UPDATED: Chicago produce leader Bob Strube Sr. dies - The Packer

UPDATED: Chicago produce leader Bob Strube Sr. dies

01/14/2010 07:10:56 PM
Bruce Blythe

Strube

(UPDATED COVERAGE 4:30 p.m. Jan. 15) Bob Strube Sr., a produce industry legend who helped found the Greater Chicago Food Depository, died Jan. 14. He was 91.

Strube, who received The Packer’s Produce Man of the Year Award in 1979, was part of the family that founded Strube Celery & Vegetable Co., Chicago, in 1913, the oldest Perishable Agricultural Commodities Act licensee in the Chicago-area.

The company is still owned and managed by the founding family. Strube’s daughter Jan and son-in-law Tim Fleming Sr. were also recognized with The Packer’s award in 2002. Strube was also a past leader at the United Fresh Produce Association.

“The industry truly lost a giant today,” United Fresh President Tom Stenzel said in a release to the group’s members. “Bob’s can-do, never-give-up attitude helped build both a family and a company that reflect the very best values of our produce industry.”

In 1978, Strube helped found the Greater Chicago Food Depository, a nonprofit food distribution and training center that serves 500,000 adults and children annually through a network of food pantries, soup kitchens and shelters, according to the United Fresh release.

The depository distributes 58 million pounds of food, including more than 10 million pounds of produce, to 600 pantries, soup kitchens and shelters.
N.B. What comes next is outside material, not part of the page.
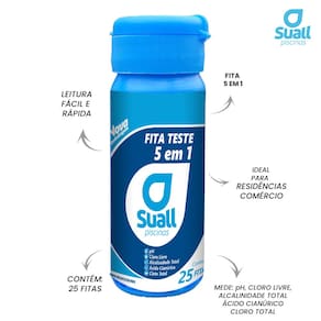 A Fita de Teste 5 em 1 Para Piscina Suall é ideal para garantir a qualidade da água da sua piscina, facilitando a análise de cinco parâmetros essenciais: cloro livre, pH, alcalinidade total, dureza e ácido cianúrico. Com uma leitura rápida e fácil, as fitas Suall proporcionam resultados precisos para o balanceamento químico, mantendo a água sempre segura e adequada para o uso. Com o uso regular, você assegura a saúde dos banhistas e preserva a durabilidade dos equipamentos de sua piscina. Contém 25 fitas de teste que possibilitam um monitoramento completo, garantindo conforto e segurança para todos os usuários.

He became the first inductee to the depository’s Hall of Fame in 2006.

“Even as we feel this loss, we remember the extraordinary passion that defined Bob,” said Kate Maehr, executive director of the Greater Chicago Food Depository. “Hundreds of thousands of Chicagoans have benefited … because of Bob’s vision.”

Strube Sr. died at his Glencoe home in Chicago’s north suburbs, said Lisa Strube, a granddaughter-in-law.

Strube Celery & Vegetable, launched by his parents, Fred and Lillian Strube, on Chicago’s south side, initially bought root crops such as carrots, parsnips and turnips from local growers. The company also shipped raw celery in from Michigan, stripped off the leaves for use in soup then repacked the stalks.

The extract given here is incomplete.